Quebec is key to election success, but for NDP the locks are rusty

As NDP continues to face low polls in Quebec, Singh "just wants people to know I fought for them" by pushing Trudeau on emergency benefits.

Christopher Reynolds, The Canadian Press

OTTAWA — For NDP Leader Jagmeet Singh, the path to a stronger presence in Parliament runs through Quebec — but the trail is littered with obstacles.

New Democrats, whose members gather virtually for a policy convention this weekend, are targeting younger voters with renewed pitches on student debt relief, more affordable housing and a cap on cellphone and internet bills.

All were highlighted during a visit to la belle province last week.

But the party is polling below 20 per cent with little concentration of support outside of a few neighbourhoods in Montreal, says Karl Bélanger, president of consulting firm Traxxion Strategies and former senior adviser to the NDP.

"The prospects at this point are limited. But the potential of growth is there," he said, citing polls that show a majority of Quebec voters would consider the NDP as their second choice. The challenge is to convert this group to the orange team.

A flare-up of identity politics touching on issues from language rights to systemic racism — and fanned by the Bloc Québécois — threatens to cast the NDP on the far side of sensitive cultural divides.

Meanwhile, Prime Minister Justin Trudeau continues to hog much of the spotlight during a federal vaccine rollout that has begun to flow more quickly, despite a shaky start.

Singh repeatedly states that the NDP fought successfully over the past year to beef up emergency response benefits, wage subsidies and sick-leave payments, and that Canadians recognize that achievement.

"I'm not so worried about recognition in terms of, like, I need people to be able to rattle off the NDP did this, this, this and that," he said in an interview.

"I just want people to know I fought for them."

But failing to get credit for programs unfurled with NDP input in a minority Liberal government has been the bane of New Democrats for decades at the federal and provincial levels.

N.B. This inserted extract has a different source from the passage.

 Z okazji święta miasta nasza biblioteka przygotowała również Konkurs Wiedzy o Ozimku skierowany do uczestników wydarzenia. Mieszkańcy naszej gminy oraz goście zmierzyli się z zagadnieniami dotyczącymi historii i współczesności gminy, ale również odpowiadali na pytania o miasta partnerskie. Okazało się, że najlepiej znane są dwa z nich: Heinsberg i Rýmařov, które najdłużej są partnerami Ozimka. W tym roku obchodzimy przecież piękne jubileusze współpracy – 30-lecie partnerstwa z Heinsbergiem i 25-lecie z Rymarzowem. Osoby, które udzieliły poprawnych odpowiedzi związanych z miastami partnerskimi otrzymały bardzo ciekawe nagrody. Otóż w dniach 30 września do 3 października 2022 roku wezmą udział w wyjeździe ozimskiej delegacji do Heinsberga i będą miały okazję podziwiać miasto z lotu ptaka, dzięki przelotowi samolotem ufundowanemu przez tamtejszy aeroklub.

Minority regimes under Pierre Trudeau in Ottawa and David Peterson and Kathleen Wynne at Queen's Park have all roared back to majority status come election day after co-operating with NDP lawmakers in various ways that proved electorally fruitless for New Democrats.

"He’s got a problem there," Brooke Jeffrey, a political-science professor at Concordia University in Montreal, said of Singh.

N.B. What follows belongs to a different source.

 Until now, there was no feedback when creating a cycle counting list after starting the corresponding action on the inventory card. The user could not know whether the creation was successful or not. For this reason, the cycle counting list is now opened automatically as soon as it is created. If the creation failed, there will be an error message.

"(Liberals) have pulled the classic manoeuvre of accepting some of the NDP suggestions and making them theirs. And therefore if the public approves of them, it’s them who get the credit. This has been going on since Pearson’s time."

The Liberals' tilt to the left on issues ranging from pharmacare to government spending leaves the NDP forced to propose even more leftward policies if it wants to stand out, potentially isolating some voters, she added.

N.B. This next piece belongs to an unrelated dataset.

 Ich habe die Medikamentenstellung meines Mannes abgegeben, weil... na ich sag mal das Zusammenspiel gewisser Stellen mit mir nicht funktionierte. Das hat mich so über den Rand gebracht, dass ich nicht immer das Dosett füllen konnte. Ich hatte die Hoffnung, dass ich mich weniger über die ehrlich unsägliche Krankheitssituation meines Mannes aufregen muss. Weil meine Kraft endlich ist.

The NDP hit a high-water mark of 59 seats in Quebec in the 2011 federal election under then-leader Jack Layton, only to ebb to 16 seats in 2015 and just one in 2019, shrinking its organizational strength.

Alexandre Boulerice, the province's sole remaining New Democrat MP, says Quebecers and Canadians will view the NDP as the party of fresh ideas amid what he calls Liberal inaction on pharmacare, climate change and other fronts, with the COVID-19 pandemic leaving New Democrats well poised to seize on an era of big government.

"We will let (the) Bloc Québécois and the Conservative party fight for right-wing conservative nationalism, and we will go with solidarity and friendship with First Nations and racialized people," Boulerice said.

"Maybe Justin was able to do it seven years ago, but he's not the cool guy anymore. And he disappointed a lot of people. So we'll go after Liberal voters, especially young Liberal voters, and I think that technique is doing very well and will do better during a campaign, because he's a performer.